Blacks and Jews in Literary Conversation. - Review - book review
African American Review, Winter, 2000 by Lynn Weiss
Emily Miller Budick. Blacks and Jews in Literary Conversation. New York: Cambridge UP, 1999. 263 pp. $59.95 cloth/$17.95 paper.
The complex relationship expressed in the phrase Black/Jewish relations is the subject of Emily Budick's Blacks and Jews in Literary Conversation. This text is an important contribution to a growing corpus on a volatile subject that has generated studies in several disciplines. Spanning the political spectrum, these include: James Baldwin and Nat Hentoff, eds., Black Anti-Semitism and Jewish Racism (1969); Shlomo Katz, ed., Negro and Jew: An Encounter in America (1966); and, more recently, Benjamin Ginsberg's The Fatal Embrace: Jews and the State (1993); Paul Berman, ed., Black and Jews: Alliances and Arguments (1994); and Michael Lerner and Cornel West, Jews and Blacks: A Dialogue on Race, Religion and Culture in America (1995), as well as Jeffrey Melnick's A Right to Sing the Blues: African Americans, Jews and American Popular Song and Adam Newton's Facing Black and Jew: Literature as Public Space in Twentieth-Century America (1999). Budick's study offers fresh insight on the subject through an examination of the creative and critical work of several African American and Jewish American writers from the 1940s to the present.

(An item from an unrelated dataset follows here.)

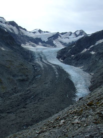 Das Tal durch das man geht ist ganz anderes als die anderen. Es besteht hauptsächlich aus grauem Geröll, Felsen und Staub. Eher eine tiefe Schlucht. Von den "Wänden" rauschen lange Wasserfälle, die aus dem blauen Eis, mit dem die Bergspitze bedeckt ist, entspringen, in die Tiefe. Das sieht total schön aus. Am Ende des Tals ist ein großer Gletscher. Den Berg danaben mussten wir hoch und es gab zum Teil nichtmal einen Pfad. Sehr schwieriger Weg und ich war noch nie so am Ende. Ich war den anderen stets ein ganzes Stück hinterher. Am liebsten wäre ich zusammengebrochen und liegen geblieben, vor allem wenn ich an den langen Rückweg gedacht habe. Hoch oben wurde ich dann auch noch fast vom Wind weggeweht. Den Tränen nahe wäre ich am liebsten umgekehrt, die anderen waren allerdings zu weit vorraus, als das ich ihnen hätte bescheid sagen können. Also Zähne zusammen und fluchend weiter.

In an America intolerant of racial or ethnic difference, Blacks and Jews have always been in competition for social and cultural space. Indeed, Budick argues, the "mutuality" that describes this relationship does not, as illustrated in Bernard Malamud's The Tenants, assure a "mutual" understanding or respect. Instead Blacks and Jews, whatever their purported similarities, are like two parallel lines which, in Budick's analysis, rarely meet in meaningful conversation. This is due to the way each group has used the other to construct its own distinct American identity. For their part, Jewish American writers of the early post-War period were unable or unwilling to recognize the African American as an American, first and foremost. As Budick rightly points out, what Ralph Ellsion rejects in Irving Howe and Stanley Hyman echoes what James Baldwin means by "stranger" in "Stranger in the Village": African American literature is not controlled by, but rather participates in, the creation of Western culture; the Afri can American is not the "stranger" in America. On the other side, Budick contends that African Americans' relationship to Jewish Americans has been affected by their encounter with Judaism through Christianity. Consequently when Ellison and Baldwin produce Old Testament-centered responses (such as Ellison's rejoinders to Howe or Baldwin's The Fire Next Time), their objective is to deliver black culture from Jewish and white Christian hands. Paradoxically then, the African American writer "becomes trapped into a position that is not autonomous or even distinctly his own."
Next, Budick carefully examines the conversation about race and racism to which the pages of Commentary and The Crisis were devoted during and after the Second World War. This section addresses the immediate consequences of the Holocaust on the discussion of "Black/Jewish relations." The error of drawing parallels between the European Jew's experience of the Holocaust and the African's experience of slavery is that it produces important distortions of each experience, best illustrated by Hannah Arendt's "Reflections on Little Rock" and Stanley M. Elkins's Slavery. This mutual mis-reading is further explored in the context of the post-War celebration of assimilation, integration, and liberalism. Here Budick considers the most vocal participants in the conversation: Harold Cruse on Zionism, Norman Podhoretz on "miscegenation," and James Baldwin on liberalism. Against this background, the following two chapters examine the Jewish American writer's use of black cultural materials to construct a secular Jewish Am erican identity and then scrutinize the African American writer's use of Jewish history and culture to establish and assert an African American identity.
Through the early post-War fiction of Lionel Trilling ("The Other Margaret") and H. J. Kaplan ("The Mohammadeans"), Budick considers the way Jewish American liberals used African Americans and their history to reconstruct a non-religious Jewish identity wherein the Jew becomes a symbol of transnational morality dedicated to the rights of the oppressed. This post-War Jewishness is made more visible through the "parallel" experience of African Americans. In this imaginative remaking of Jewish American identity two features of the liberal Jew's politics become apparent: "Jewishness" merges with the African American experience of race and racism, making it more race than faith; and this non-religious Jewishness illustrates the secular Jew's resistance to Zionism and, by extension, the state of Israel. A better illustration of this position is Saul Bellow's Mr. Sammler's Planet, in which the black character functions to construct a Jewish American identity and an Israeli identity, and it is implied that American Jews must resist the latter. But making the Jew the symbol of Western morality is, Budick argues, offensive "to Jewish populations (such as the Israeli population or religious community) who may believe that identity has to do with commitment rather than race, with specificity rather than with general humanistic value."